Aus dem unstrittig feststehenden Sachverhalt ergibt sich zweifelsfrei, dass der Berufungswerber im Jahr 2003 die für das Entstehen einer Rückzahlungsverpflichtung maßgebliche Einkommensgrenze (§ 19 Abs. 1 KBGG) überschritten hat. Weder die Höhe des Einkommens (§ 19 Abs. 2 KBGG) noch die Höhe der festgesetzten Abgabe werden vom Berufungswerber angezweifelt.

Der Berufungswerber rügt, dass er von der Gewährung des Zuschusses nicht verständigt worden ist bzw., dass er nie einen entsprechenden Antrag gestellt habe.

Dieser Umstand alleine würde der Festsetzung der Abgabe jedoch nicht entgegenstehen, da den gesetzlichen Bestimmungen des 4. Abschnittes des KBGG nicht zu entnehmen ist, dass eine Rückzahlungsverpflichtung nur dann entsteht, wenn der Rückzahlungsverpflichtete vorab über die Auszahlung informiert worden ist.
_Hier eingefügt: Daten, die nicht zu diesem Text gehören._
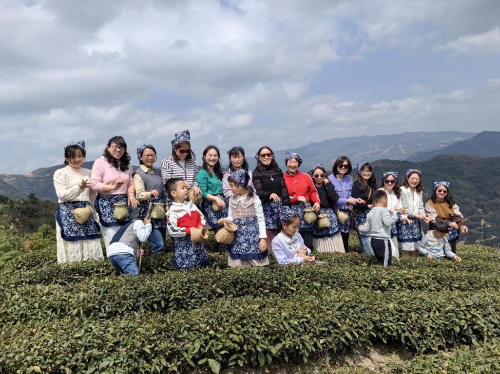 全体女教职工到达茶园之后,经过引导人员的介绍和采茶培训,老师们热情高涨地奔赴千亩茶园,开始“大显身手”。大家穿戴上采茶姑娘的服饰,穿梭于春意盎然的茶园,巧手飞舞,形成了一道美丽的风景线。在繁忙的采茶过后,大家又来到茶社围炉煮茶,共叙情谊。

Vielmehr entsteht der Abgabenanspruch - ohne dass weitere Voraussetzungen erfüllt sein müssten - mit Ablauf des Kalenderjahres, in welchem von diesem die Einkommensgrenze gemäß § 19 KBGG erreicht wird. Dabei spielt es nach dem Gesetzestext auch keine Rolle, dass der Berufungswerber seinen Unterhaltspflichten stets nachgekommen ist und er mit der Kindesmutter in keiner Ehe oder Lebensgemeinschaft gelebt hat, da letzterer Umstand ja gerade die Voraussetzung für die Auszahlung des Zuschusses nach § 9 Abs. 1 Z 1 KBGG ist.

Der Berufungswerber hat im Jahr 2003 die Einkommensgrenze des § 19 KBGG überschritten. Damit war der Berufungswerber nach § 18 Abs. 1 Z 1 KBGG zur Rückzahlung des an die Kindesmutter ausbezahlten Zuschusses zum Kinderbetreuungsgeld verpflichtet und entstand der Abgabenanspruch mit Ablauf dieses Jahres.

Es war daher wie im Spruch ausgeführt zu entscheiden.